The pictures get dropped, while every remaining part of the listing is copied exactly.

DATASET EXCERPT:
+ + + + +

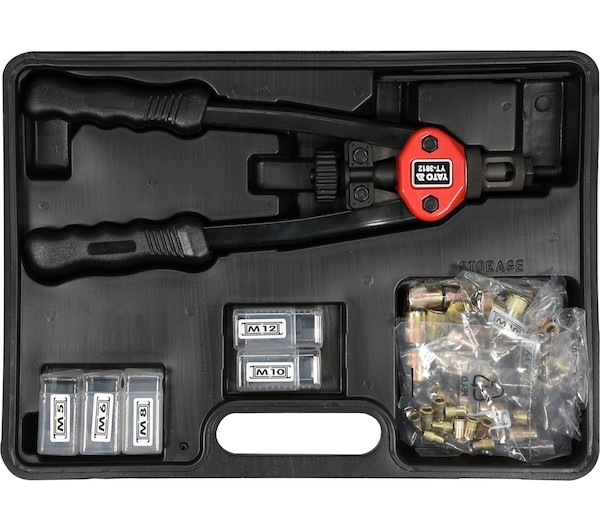 Rruční nýtovací pákové kleště Yato pro maticové nýty. Pákový mechanizmus významě snižuje námahu při práci.
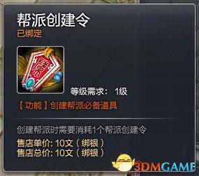 创建帮派流程 1.玩家首先需要准备帮派创建令及5锭银子。帮派创建令可在随身商城中购买获得。
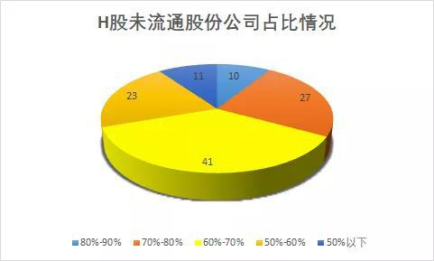 在这161家H股中,合计149家公司的非流通占比超过50%,这意味着在所有的H股中,几乎全部的上市公司的股权结构为非流通股为主。其中占比超过80%的有12家,占比在70%-80%之间的有27家,占比在60%-70%之间的高达41家,占比50-60%的有23家,而占比不足50%只有的11家,非流通股份占比最小的为富贵鸟(3.88, 0.00, 0.00%)的9%。
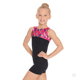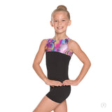 This tank gymnastics biketard flaunts a vibrant, prismatic collar accent in either Rainbow Swirl or Fuchsia Swirl. The bright, fuchsia swirl print incorporates bursts of purple and yellow and the rainbow swirl showcases a ripple effect of fuchsia, purple, yellow, blue, and green; each colorful pattern flaunts a subtle, metallic finish that shines as it catches the light. The high scoop neck, moderate scoop back, modest inseam length, and stay-put straps keep your gymnast covered, confident, and focused during practices. Soft, supportive, and flexible, the Tactel® Microfiber fabric of this biketard stretches with your little star's movements then rebounds quickly for a snug, secure fit.

+ + + + +

FINAL ANSWER:
 Rruční nýtovací pákové kleště Yato pro maticové nýty. Pákový mechanizmus významě snižuje námahu při práci.
 创建帮派流程 1.玩家首先需要准备帮派创建令及5锭银子。帮派创建令可在随身商城中购买获得。
 在这161家H股中,合计149家公司的非流通占比超过50%,这意味着在所有的H股中,几乎全部的上市公司的股权结构为非流通股为主。其中占比超过80%的有12家,占比在70%-80%之间的有27家,占比在60%-70%之间的高达41家,占比50-60%的有23家,而占比不足50%只有的11家,非流通股份占比最小的为富贵鸟(3.88, 0.00, 0.00%)的9%。
 This tank gymnastics biketard flaunts a vibrant, prismatic collar accent in either Rainbow Swirl or Fuchsia Swirl. The bright, fuchsia swirl print incorporates bursts of purple and yellow and the rainbow swirl showcases a ripple effect of fuchsia, purple, yellow, blue, and green; each colorful pattern flaunts a subtle, metallic finish that shines as it catches the light. The high scoop neck, moderate scoop back, modest inseam length, and stay-put straps keep your gymnast covered, confident, and focused during practices. Soft, supportive, and flexible, the Tactel® Microfiber fabric of this biketard stretches with your little star's movements then rebounds quickly for a snug, secure fit.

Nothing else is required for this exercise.